▶ Exercise description
Reproduce word for word every line from the one containing "全市场所有行业板块中主力多头" through the end of the listing below; omit the pictures.

━━━━━ Data below

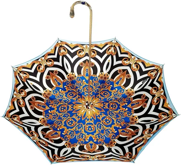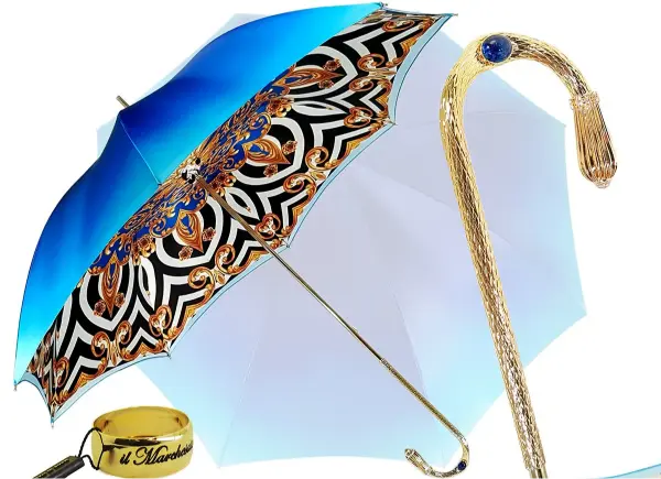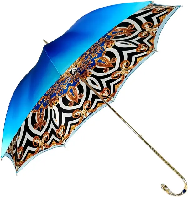 Një ombrellë e shkëlqyer me tendë të dyfishtë e përfunduar me një pëlhurë luksoze poliestër sateni të ngjashme me mëndafshin, ajo përmban një mbulesë të jashtme prej pëlhure me hije blu me dizajn të brendshëm fantastik. Dorezë e re e bukur, është projektuar dhe krijuar nga mjeshtrit tanë. Dhe ka një kornizë manuale ari me një mbyllje elegante. Data e publikimit të parë 27.06.2018)
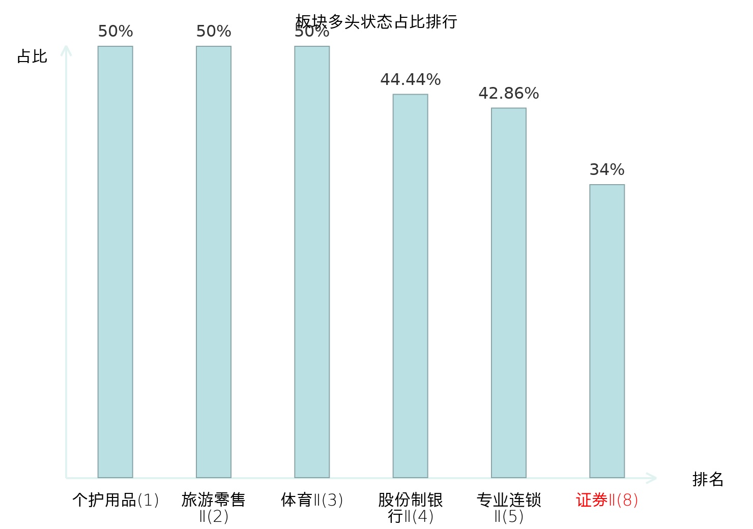 全市场所有行业板块中主力多头状态占比排名中,个护用品板块位居第一。非金属材料Ⅱ板块名次提升最快,较昨日上升37位。
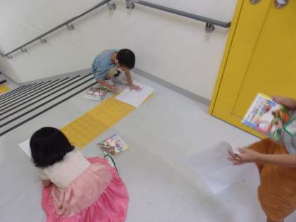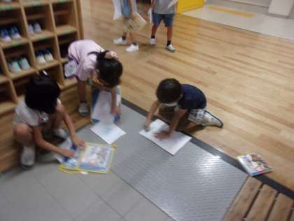 図画工作科の学習で、学校の中のでこぼこを探しに行きました。

━━━━━━━━━━

▶ Response to this exercise
 全市场所有行业板块中主力多头状态占比排名中,个护用品板块位居第一。非金属材料Ⅱ板块名次提升最快,较昨日上升37位。
 図画工作科の学習で、学校の中のでこぼこを探しに行きました。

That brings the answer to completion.